Tuning the guitar using perfect fifth harmonics: a mistake

wittner-tuning-fork

This fork would probably still work, but you get the idea.

Note: As will be shown below, this method of tuning, however common, is inherently flawed. Still, it is probably worth a brief study for the sake of misguided tradition and culture.

When tuning the guitar using harmonics, I start with an A = 440 Hz tuning fork. I choose this fork because A = 440 is the internationally standardized tuning reference tone. In standard tuning, when you play the harmonic on the fifth fret of the fifth string, you should create a 440 Hz tone. So, to tune the fifth string (A), I first strike the fork on the bony part of my knee. Then, I quickly pluck the harmonic on the fifth fret of the fifth string. Next, I place the ball of the tuning fork on the bridge of the guitar (find the sweet spot for it on your bridge). Finally, I use my fifth string tuner to match the tone of the tuning fork (which is now resonating through the guitar). As you approach being in tune, you will hear the warble of the tones becoming longer and longer in duration. This is what I call “smoothing out” the tone. When the warbles are as long in duration as you can possibly get them (theoretically having disappeared), you have tuned your string.

You will want to start with a fifth string that is flat, and then tune up until it is in tune with the reference tone of A = 440 Hz. In fact, when using tuning hardware to tune a string, whether tuning to a fork or another string, always tune by tightening a flat string; never by loosening a sharp string. (You always hear musicians say “Get tuned up and we’ll get started.” You never hear them say “Get tuned down.”) So, for example, when I am tuning to the tuning fork, I will make sure that the fifth string is quite flat before starting. I do this because I want the hardware “nice and tight” by the time I have gotten “tuned up.” This helps prevent string slippage and better maintains the tuning. Okay, now let’s move on to tuning string-to-string.

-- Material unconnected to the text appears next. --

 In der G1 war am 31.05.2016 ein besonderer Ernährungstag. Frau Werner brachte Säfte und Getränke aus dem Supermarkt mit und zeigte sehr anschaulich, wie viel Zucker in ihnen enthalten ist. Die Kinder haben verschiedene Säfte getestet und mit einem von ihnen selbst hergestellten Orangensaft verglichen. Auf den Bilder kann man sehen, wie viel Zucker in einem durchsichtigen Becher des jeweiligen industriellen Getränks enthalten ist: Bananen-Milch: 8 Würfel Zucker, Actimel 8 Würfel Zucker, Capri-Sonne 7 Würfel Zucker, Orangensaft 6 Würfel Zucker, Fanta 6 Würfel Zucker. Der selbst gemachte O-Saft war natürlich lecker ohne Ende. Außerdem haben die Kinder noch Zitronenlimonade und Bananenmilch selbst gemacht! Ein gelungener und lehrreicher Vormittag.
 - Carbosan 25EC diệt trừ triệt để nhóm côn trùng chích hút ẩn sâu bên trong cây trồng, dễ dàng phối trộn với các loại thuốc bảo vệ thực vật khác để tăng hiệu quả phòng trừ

The next string I tune is the sixth string. Now that we have tuned the fifth string to the fork, we may tune the sixth string to the fifth string. To do this, I will pluck the harmonic at the seventh fret of the fifth string (this is E at 330 Hz, since we have, in effect, already tuned our open fifth string (A) to 110 Hz) and tune the harmonic at the fifth fret of the sixth string to match that pitch. Now, if you see this as problematic, congratulations, you’re correct. In standard, equal temperament tuning, E = 329.62 Hz. So, if you match the harmonic of the seventh fret on the sixth string to the harmonic of the fifth fret on the fifth string, you have succeeded in improperly tuning the sixth string. We now have effectively tuned our open sixth string (E) to 82.50 Hz, when the correct standard is E = 82.41 Hz.

Let’s push on with this method, so that we will better see why it’s probably best not to use it.

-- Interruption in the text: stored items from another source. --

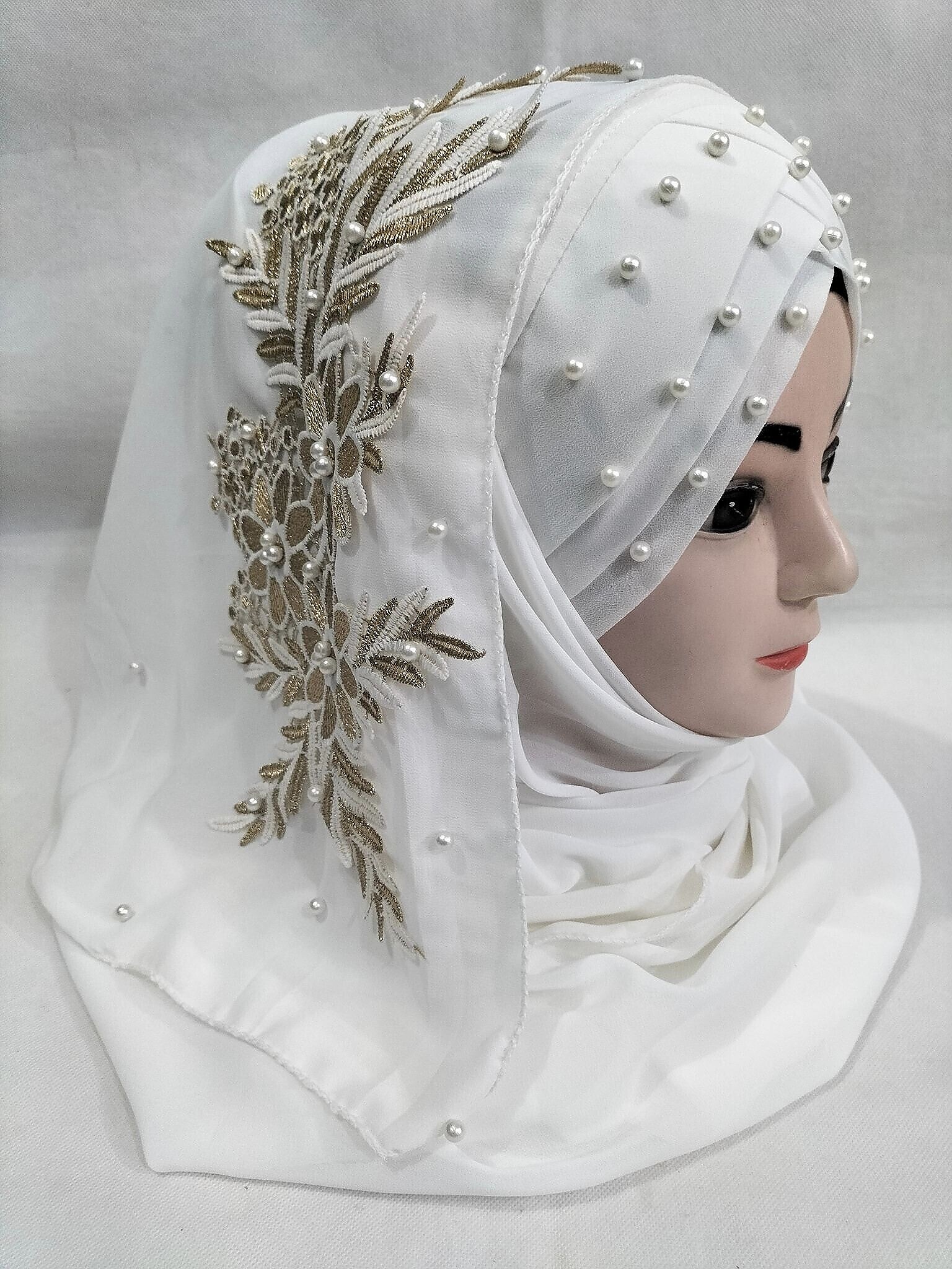 Pearl Floral Ready to Wear with 3D Bunch – White
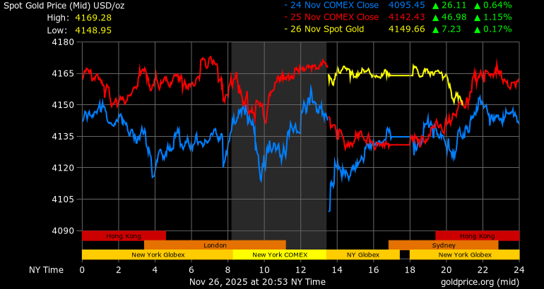Trên thị trường vàng thế giới, giá vàng giao ngay chốt phiên hôm qua tại Mỹ tăng 33 USD, tương ứng tăng 0,8% lên mức 4.163,6 USD/ounce. Sang phiên châu Á sáng nay, giá vàng đảo chiều giảm 13,7 USD xuống 4.149,9 USD/ounce.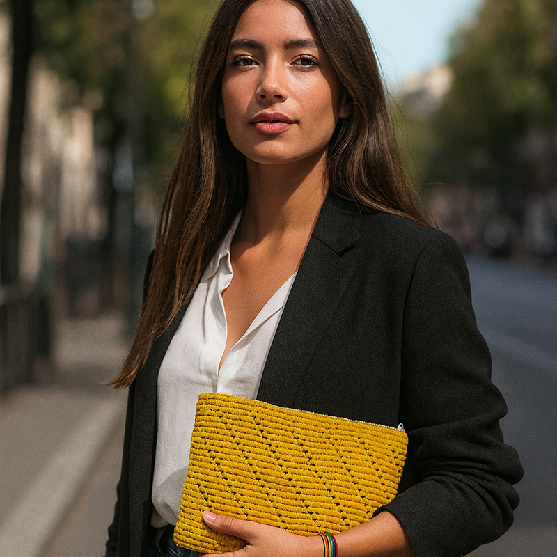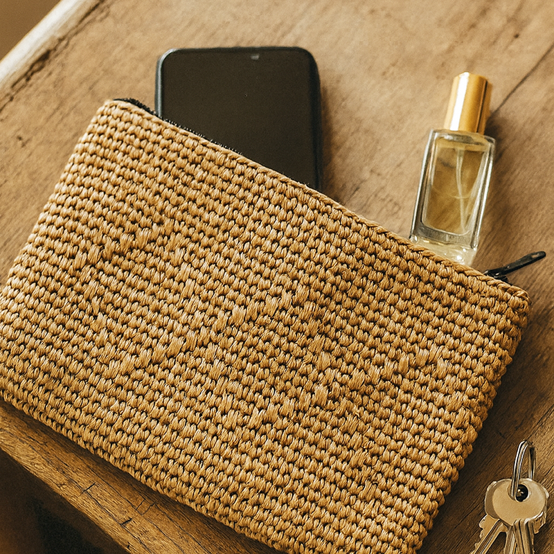 Pensée pour accompagner la femme moderne, la pochette en raphia se porte aussi bien en ville qu’en voyage, apportant cette touche de naturel chic qui traverse les saisons sans jamais se démoder.
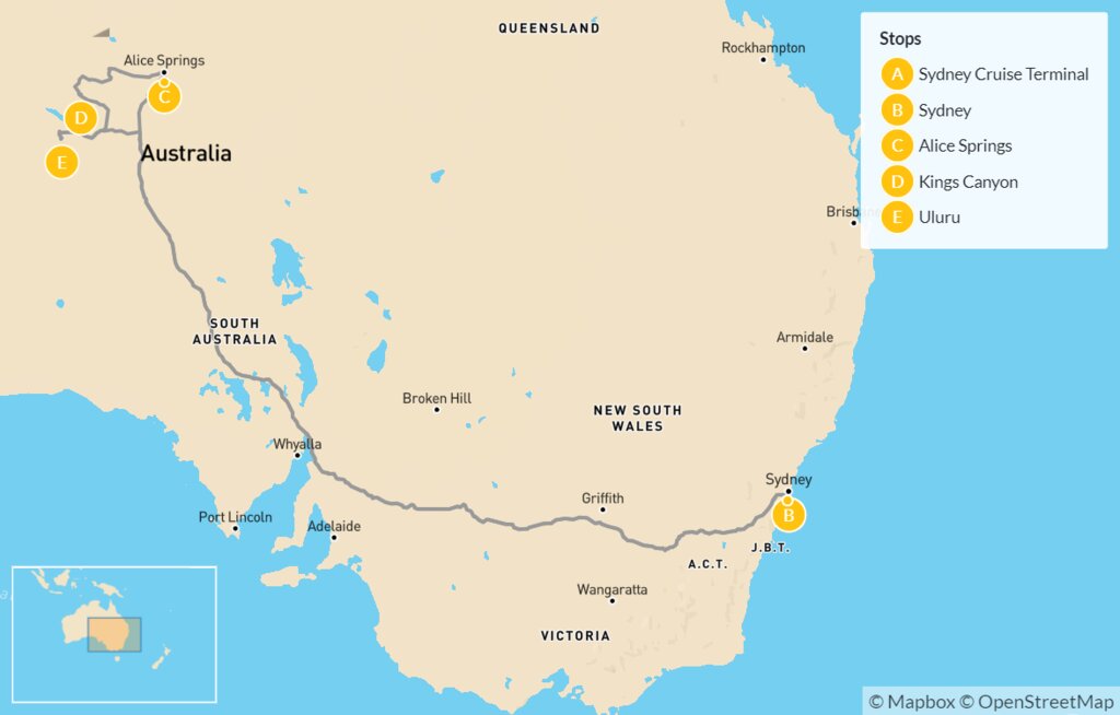 Map of Outback Road Trip Adventure: Sydney, Alice Springs & Uluru – 8 Days
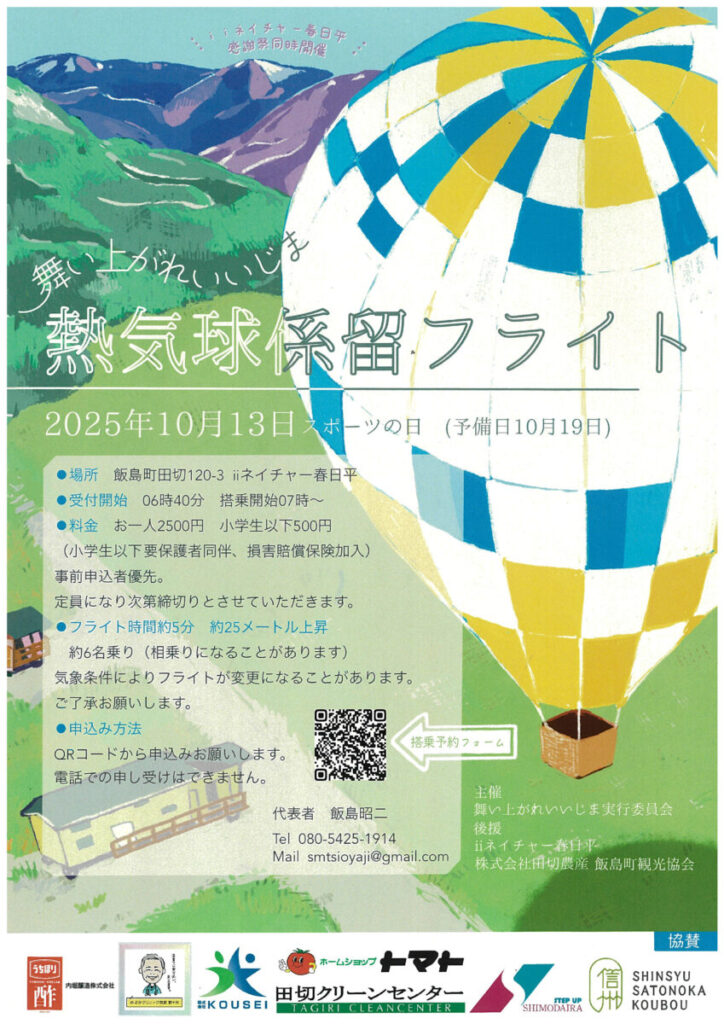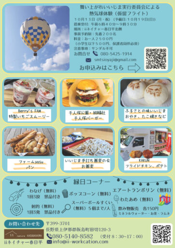 2025年10月13日(月曜日・祝日)にiiネイチャー春日平にて、「熱気球係留フライト」が開催されます。
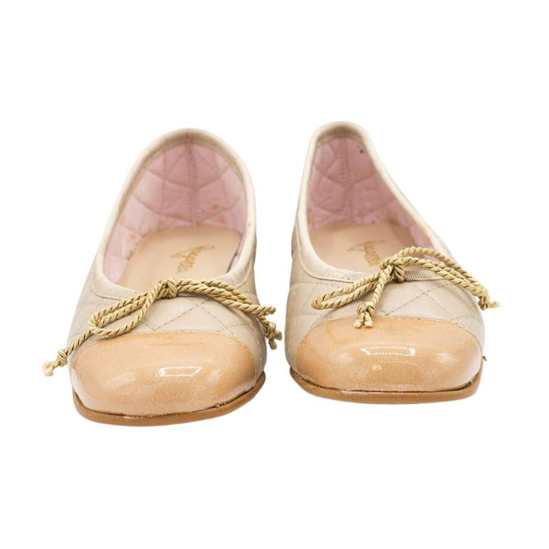CÓMODA BAILARINA BICOLOR CON PUNTERA DE CHAROL Y LAZO AJUSTABLE.

Now that we’ve tuned the fifth and sixth strings, we may move on to the fourth string. Here, I will tune the harmonic on the seventh fret of the fourth string to the harmonic on the fifth fret of the fourth string. By doing this, we are bringing the harmonic on the seventh fret of the fourth string up to A = 440 Hz. This means that – without showing the math involved, not because it’s secret, but because it’s boring – we have effectively brought the pitch frequency of our open fourth string (D) to 146.67 Hz. The tempered standard for D? 146.83 Hz. Success. We have failed again.

Now let’s use our freshly out-of-tune fourth string as a reference for tuning the third string, and compound the problem. At this juncture, our reference tone will be our fresh D = 293.34 Hz as voiced by plucking the fifth fret on the third string. We will now tune the tone of the harmonic on the seventh fret of the third string up to our reference tone. Once accomplished, this effectively means that our open third string (G) is now at 195.56 Hz. The correct frequency? G = 196.00 Hz.

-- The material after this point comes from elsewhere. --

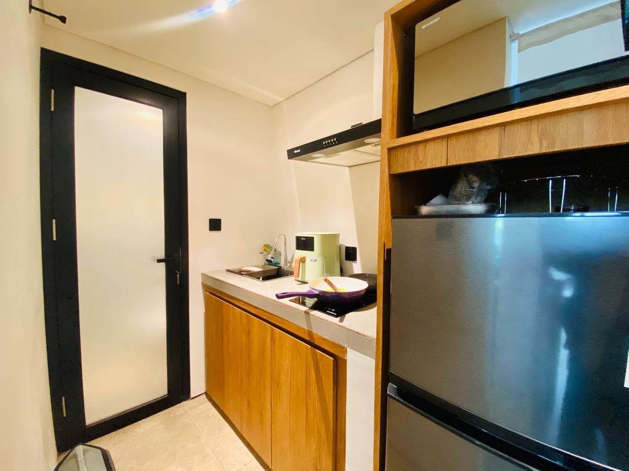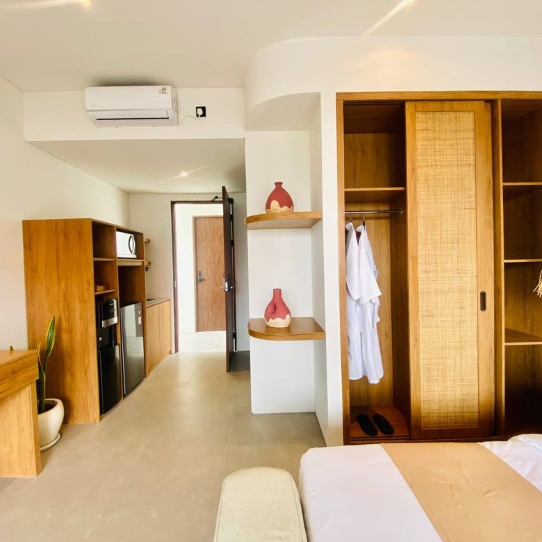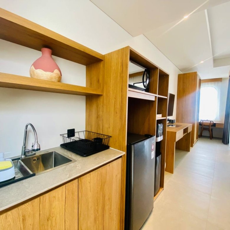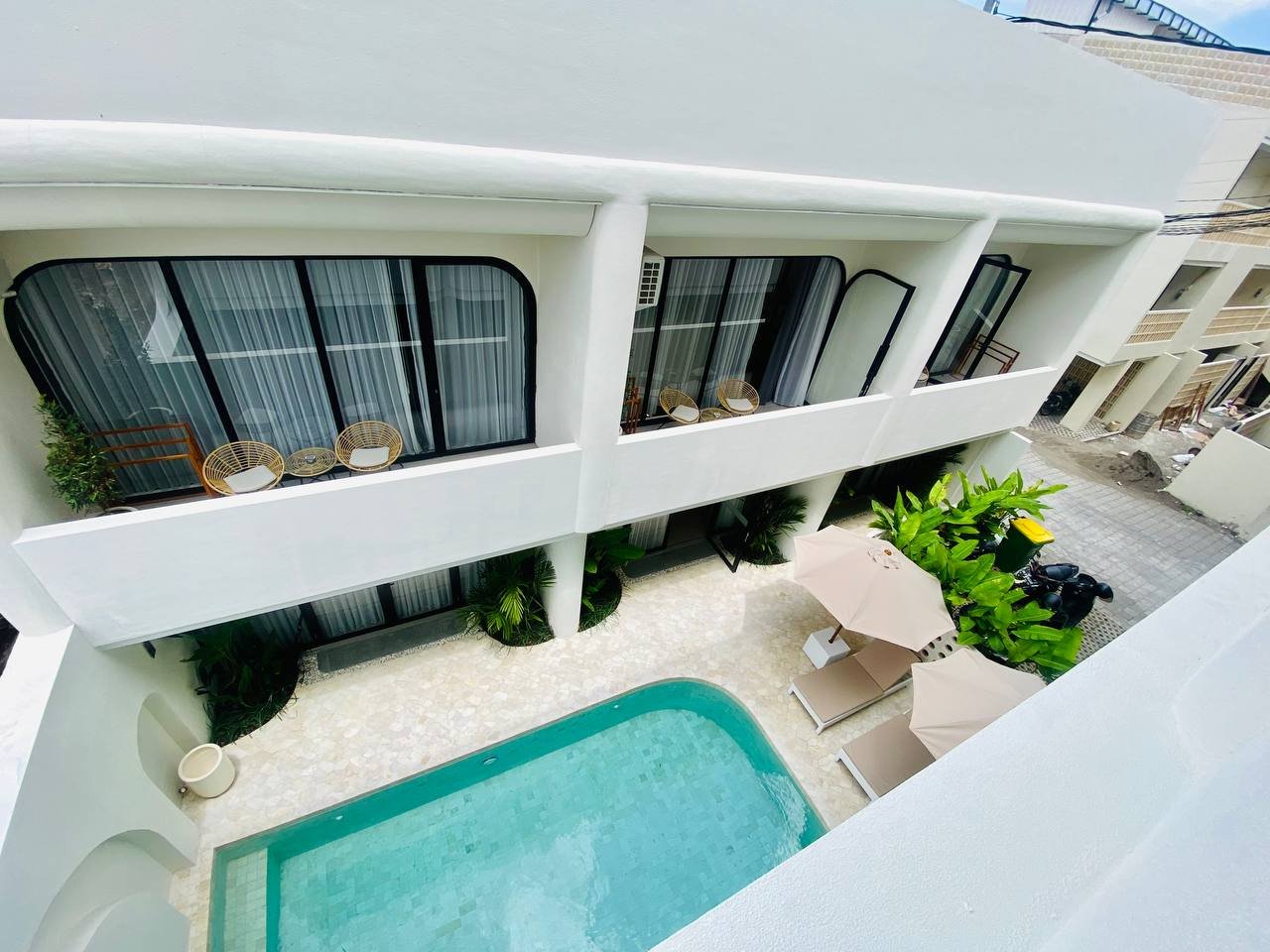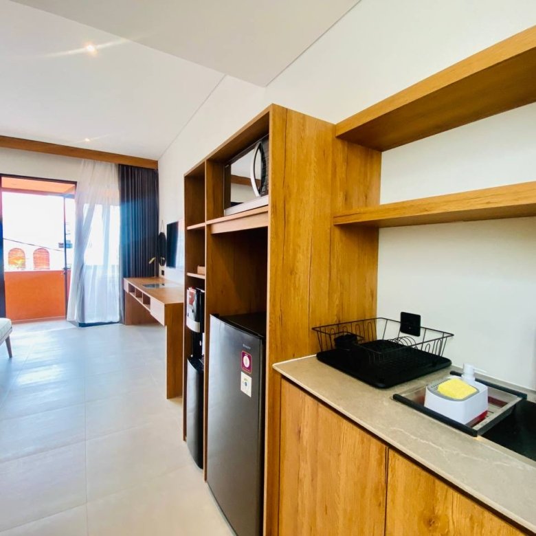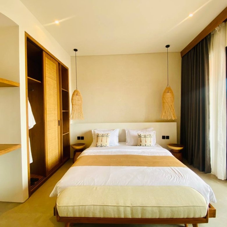 This studio apartment building, available for yearly rent, is located in the Pererenan Sempol area and is ready for immediate occupancy. It features a unique Maroccan-style design and is surrounded by popular spots like obsidian, day by day caffe, and elite fit. There are seven studio units situated on the third floor: four units offer a street view, and three units overlook the pool. Residents benefit from shared facilities including a shared washing machine on the second floor, a shared living room on the third floor, a shared pool on the ground floor, and a shared cooking area on the first floor.

There are two more strings left to corrupt. For these, we will use the harmonic on the seventh fret of the sixth string (B as 247.50 Hz) as our reference. We will play the open second string (B) and tune accordingly. The correct standard for the open second string (B) is B = 246.94 Hz.

Finally, let’s jack up the first string (E). We will use the seventh fret on fifth string (E as 330 Hz) and tune the open first string (E) accordingly. The correct standard for the open first string (E) is E = 329.62 Hz.

While the fingers-free voicing and the purity of the harmonic tones might make this method of tuning attractive, it is not apt. The human ear can hear very slight deviations of pitch, and the discrepancies above are significant. We would be wise to choose a different tuning method.